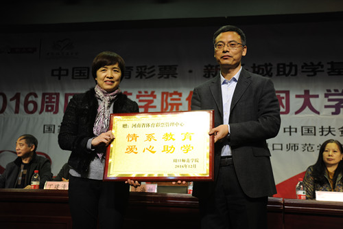 與會(huì)領(lǐng)導(dǎo)向周口師范學(xué)院受助學(xué)生代表發(fā)放5000元助學(xué)金
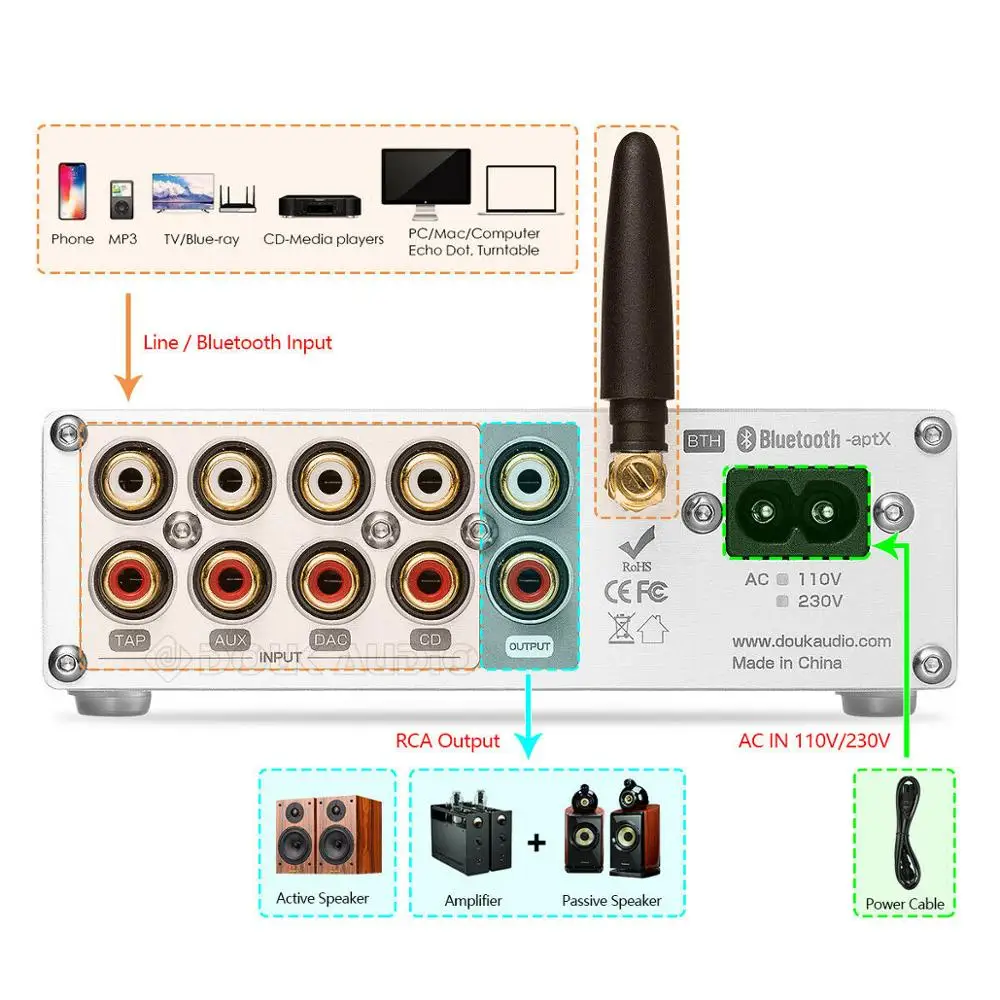 Nobsound HiFi Bluetooth 50 Stereo Preamp Hause Audio Vorverstärker 128-Niveau Relais APTX-LL Mit Ir-fernbedienung.
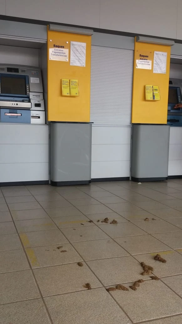 Segundo uma das pessoas que esteve na agência durante o dia de ontem, fezes de cães podiam ser vistas espalhadas pela unidade. “O mau cheiro estava muito forte e a situação foi repassada para os responsáveis pelo banco”, disse.

++++++++++++++++++++

**WHAT THE TASK REQUIRES**
What you print must be exactly the lines from the one containing "Nobsound HiFi Bluetooth" through the last line of the material, and no pictures.

**ANSWER FOR THE TASK**
 Nobsound HiFi Bluetooth 50 Stereo Preamp Hause Audio Vorverstärker 128-Niveau Relais APTX-LL Mit Ir-fernbedienung.
 Segundo uma das pessoas que esteve na agência durante o dia de ontem, fezes de cães podiam ser vistas espalhadas pela unidade. “O mau cheiro estava muito forte e a situação foi repassada para os responsáveis pelo banco”, disse.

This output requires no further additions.